Cloudera experienced a critical incident on February 13, 2023 affecting Cloudera Management Console and Cloudera Management Console and 1 more component, lasting 2h 2m. The incident has been resolved; the full update timeline is below.
Affected components
Update timeline
- investigating Feb 13, 2023, 04:18 AM UTC
We're experiencing an elevated level of errors on CDP Control plane and are currently looking into the issue.
- investigating Feb 13, 2023, 05:08 AM UTC
We are continuing to investigate the issue. Please note this impacts the management operations of the workload clusters.
- identified Feb 13, 2023, 05:42 AM UTC
The issue has been identified and a fix is being implemented.
- identified Feb 13, 2023, 05:43 AM UTC
We are continuing to work on a fix for this issue.
- monitoring Feb 13, 2023, 05:50 AM UTC
A fix has been implemented and we are monitoring the results.
- resolved Feb 13, 2023, 06:20 AM UTC
This incident has been resolved and the CDP Control plane is working as expected. we will publish the RCA as soon as possible.

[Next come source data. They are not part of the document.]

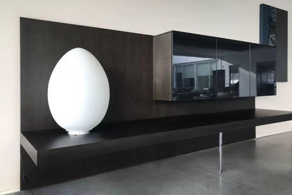 The Sistema Storage Unit on Expo Offer at our showroom has a slate grey wood structure and glossy black lacquered doors.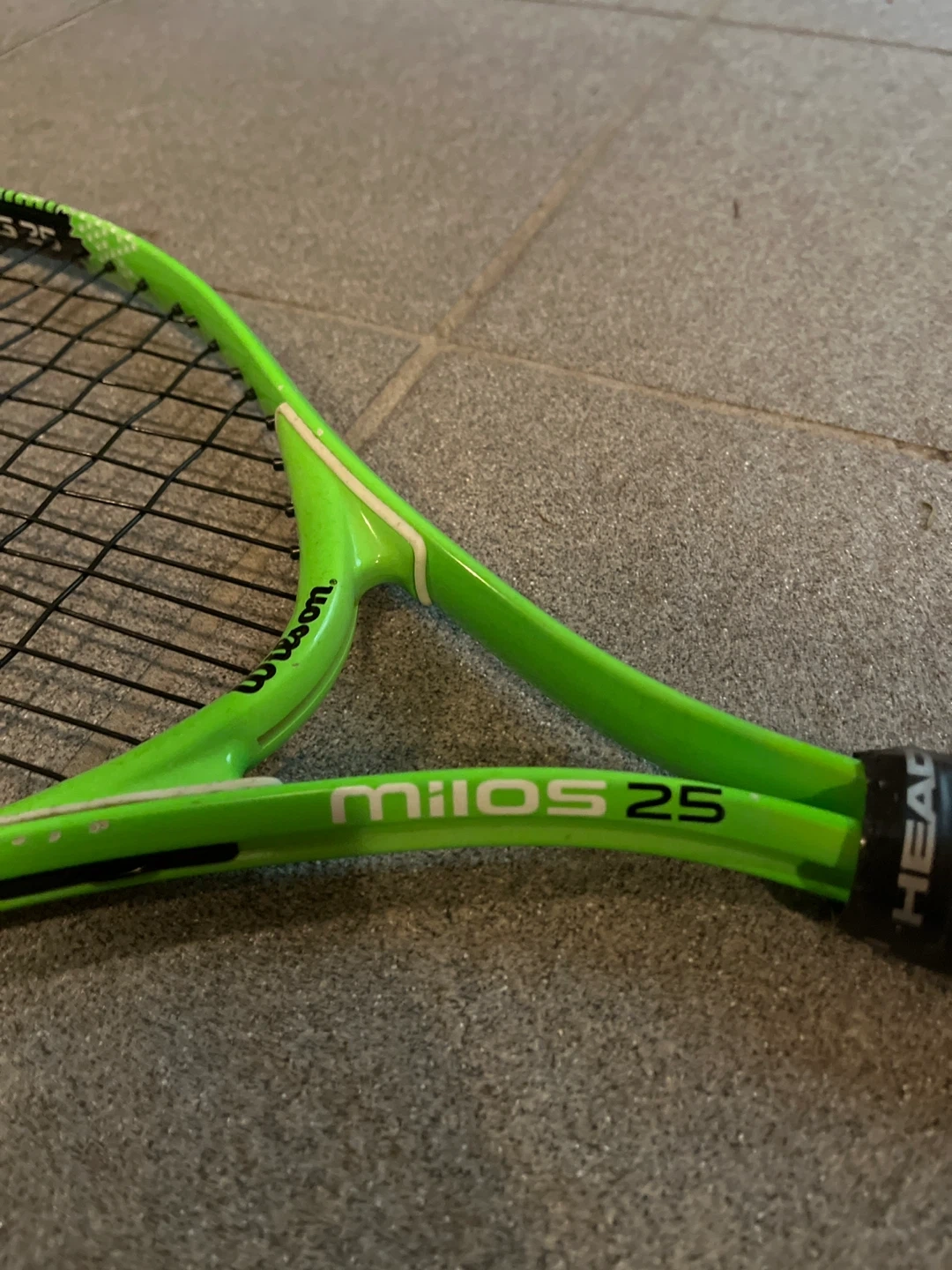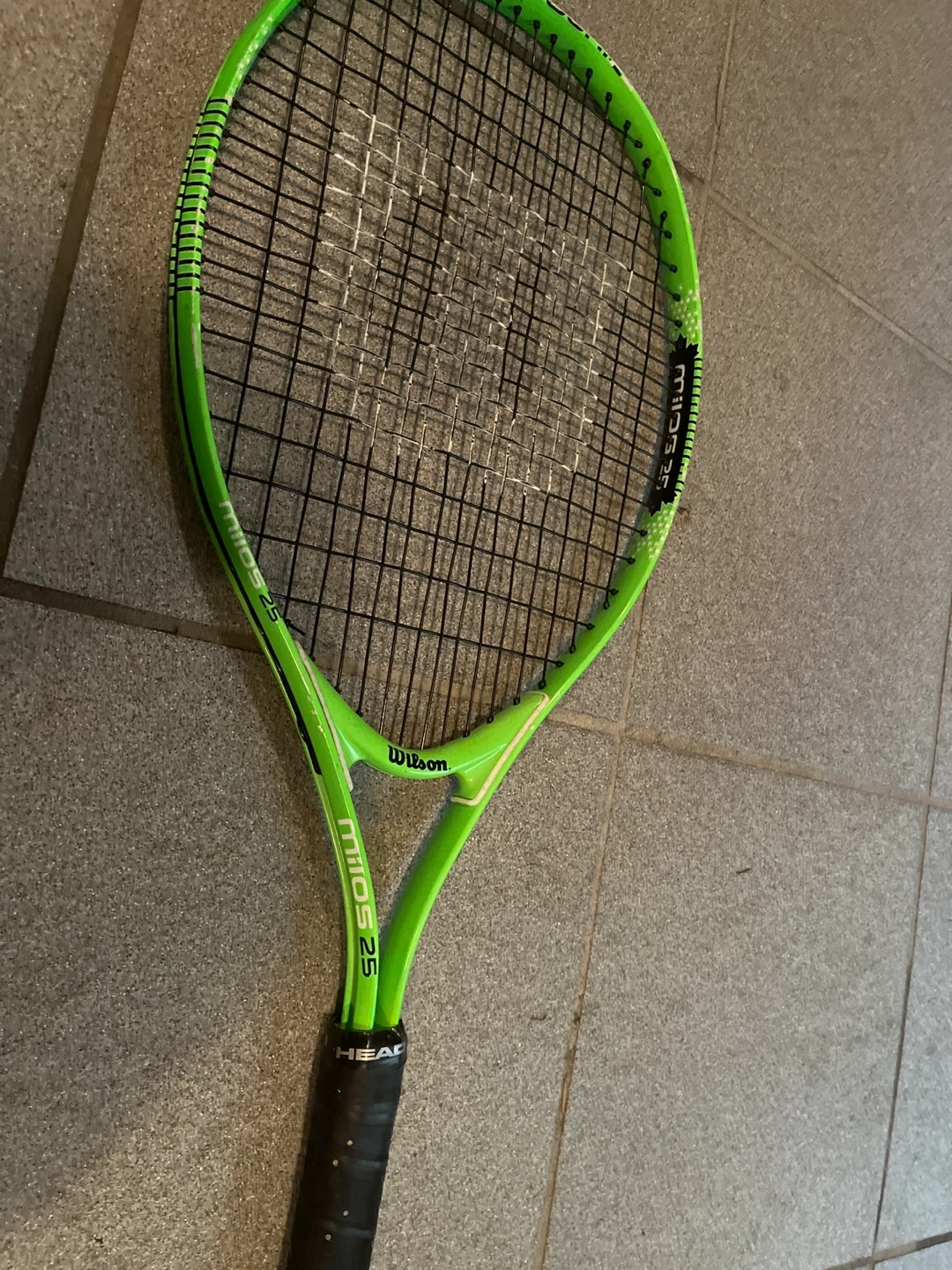 Selling a Wilson Milos 25 junior tennis racquet. It's in used condition with some wear and tear, as shown in the pictures. Perfect for young players learning the game! Has scratches near top but no physical damage!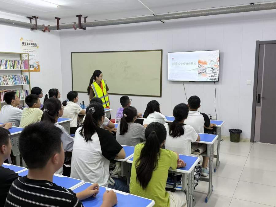 “大家看,不用一根钉子,这些木块就能牢牢拼在一起,这就是咱们中国古代建筑的智慧——榫卯结构!”志愿者手持简易榫卯组件,生动地讲解着其中蕴含的力学原理和工匠精神。孩子们瞪大了眼睛,对这种神奇的结构充满好奇。课堂内容丰富多彩,不仅有榫卯结构的原理展示与动手拼装体验,志愿者还精心准备了“桥梁之美”、“东台特色建筑”等专题分享。通过精美的图片和通俗易懂的讲解,孩子们领略了不同桥梁的形态与力量之美,也认识了家乡建筑的独特风貌,对“建筑”有了更直观和亲切的理解。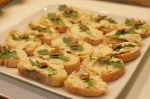 Réalisation : Tartinez la brandade sur les tranches de baguette, installez une feuille de roquette par toast, déposez un morceau d’anchois sur le dessus….. dégustez :-)
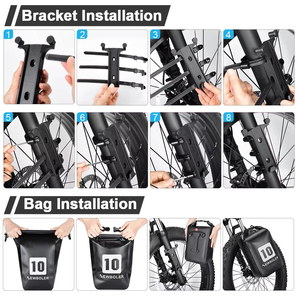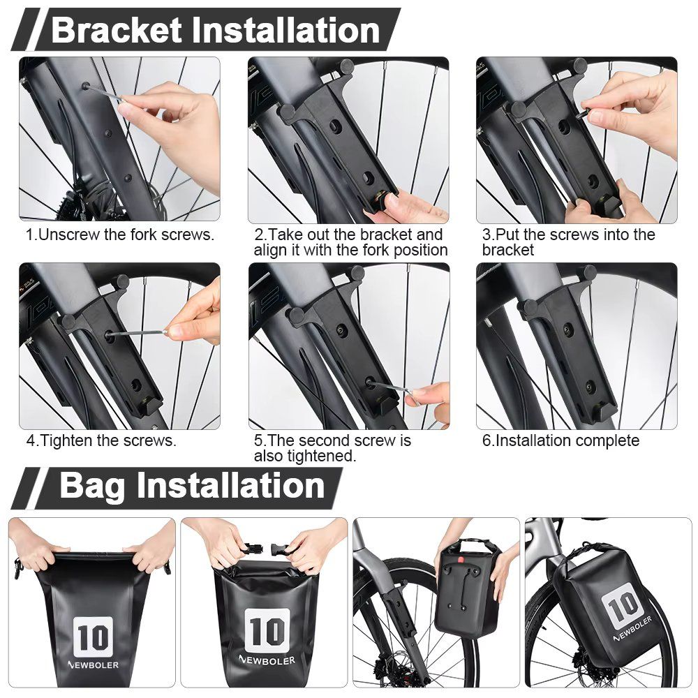 Полностью герметичная сумка на вилку велосипеда, можно установить через болты на жесткую вилку гравийного велосипеда или с помощью хомутов на амортизационную вилку или на вилку без отверстий для болтов.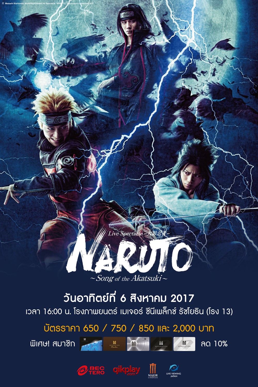 สำหรับ Live Spectacle NARUTO -Song of the Akatsuki- Live Viewing เปิดให้แฟนนารูโตะได้รับชมพร้อมกันที่โรงภาพยนตร์เมเจอร์ ซีนีเพล็กซ์ สาขารัชโยธิน โรง 13 ในวันอาทิตย์ที่ 6 สิงหาคม 2017 เวลา16:00น.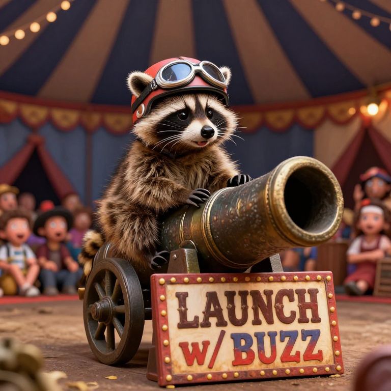 Photograph of a cute, cartoon-style raccoon with black and white fur, wearing aviator goggles and a red helmet, operating a vintage cannon. The raccoon is perched on a wooden cart with large wheels, holding the cannon's barrel. A sign in front reads "LAUNCH W/BUZ" in bold letters. The background shows a circus tent with blue and red stripes and blurred audience members. The image has a colorful, vibrant, and whimsical feel, with exaggerated features and playful elements.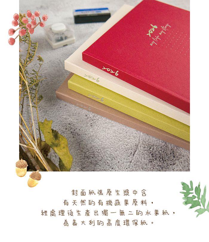 封面紙張原生漿中含有天然的有機水果原料,經處理後生產出獨一無二的水果紙,為義大利高度環保紙。

- postmortem Feb 16, 2023, 09:33 AM UTC
On Monday, February 13th at 04:18 UTC, Cloudera SRE detected a spike in errors related to the CDP Control plane management console. After investigation, it was determined that a recent production change had caused the outage. Although Cloudera follows strict software development lifecycle standards, an unforeseen bug due to complex dependencies was still encountered. The issue was resolved by rolling back to the previous version. To reduce the risk of similar issues in the future, we are improving our test suites, monitoring and dependency tracking to detect such scenarios as early in the development process as possible. Alongside also reviewing our rollback process to reduce mean time to recovery.